**WHAT YOU SHOULD DO:** Print all the data below exactly, without images.

**INFORMATION SHOWN:**
=====

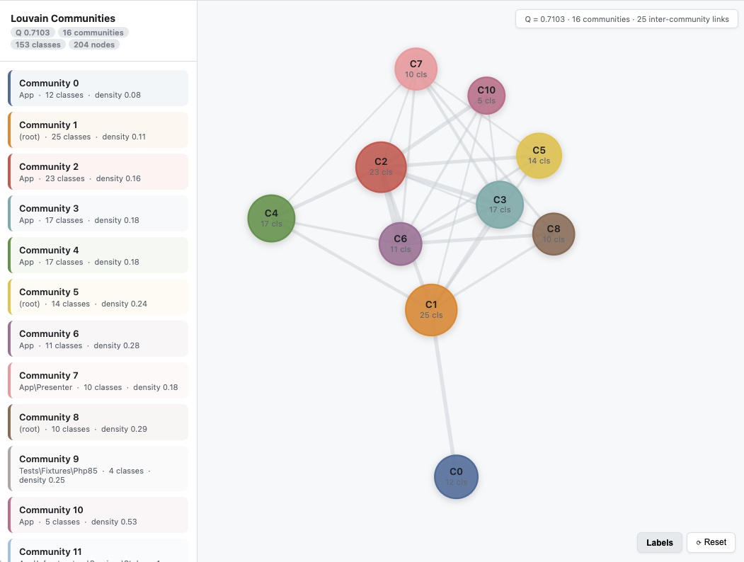 Si vous souhaitez aller plus loin et expérimenter par vous même, il existe des outils accessibles pour visualiser ces communautés sur des projets PHP.
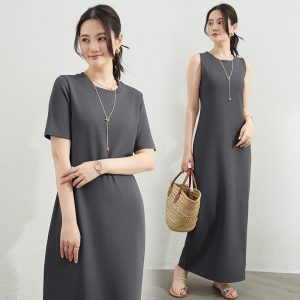 Women’s Short-sleeve Knitted Long Dress With Straps
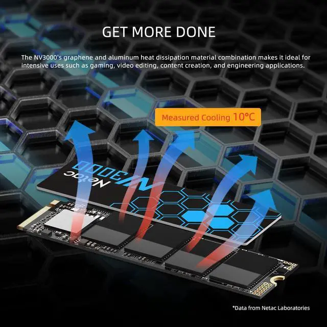 Performance enhancement for Netac NV3000 SSD, with read/write rates of up to 3, 000/1, 400 MB/s. ^^ With a maximum capacity of 2TB and a thinness of only 0.65 mm, the M. 2 NVMe PCIe Gen3 x 4 interface allows for real-time cooling of operating temperatures by 10C. ^^ The addition of a graphene metal heat sink, ideal operating temperatures are maintained to reduce performance reductions. ^^ Low power requirements, low noise, and durability to shock and impact. Anti-vibration design to help prevent data loss when accidentally.
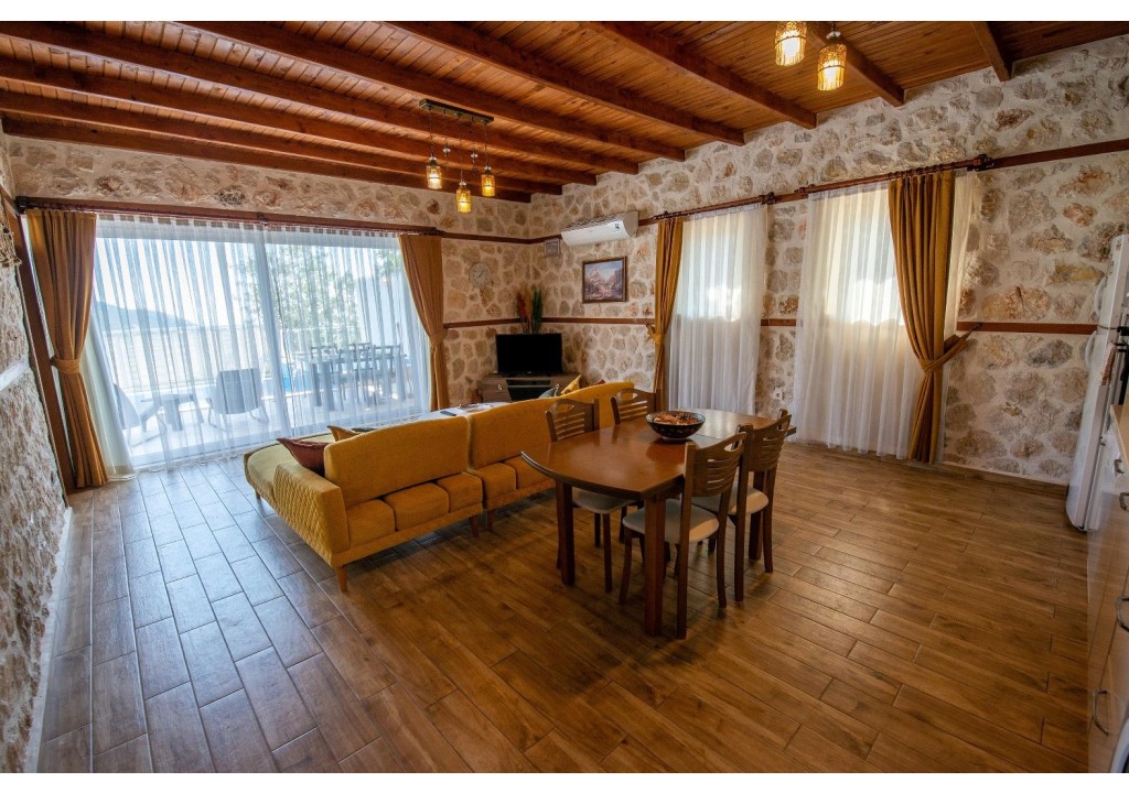 Detayları; Oturma grubu, Uydu TV (LCD), Klima, 4 kişilik yemek masası, Havuz terasına çıkış,

=====

**REPLY TO THE EXERCISE:**
 Si vous souhaitez aller plus loin et expérimenter par vous même, il existe des outils accessibles pour visualiser ces communautés sur des projets PHP.
 Women’s Short-sleeve Knitted Long Dress With Straps
 Performance enhancement for Netac NV3000 SSD, with read/write rates of up to 3, 000/1, 400 MB/s. ^^ With a maximum capacity of 2TB and a thinness of only 0.65 mm, the M. 2 NVMe PCIe Gen3 x 4 interface allows for real-time cooling of operating temperatures by 10C. ^^ The addition of a graphene metal heat sink, ideal operating temperatures are maintained to reduce performance reductions. ^^ Low power requirements, low noise, and durability to shock and impact. Anti-vibration design to help prevent data loss when accidentally.
 Detayları; Oturma grubu, Uydu TV (LCD), Klima, 4 kişilik yemek masası, Havuz terasına çıkış,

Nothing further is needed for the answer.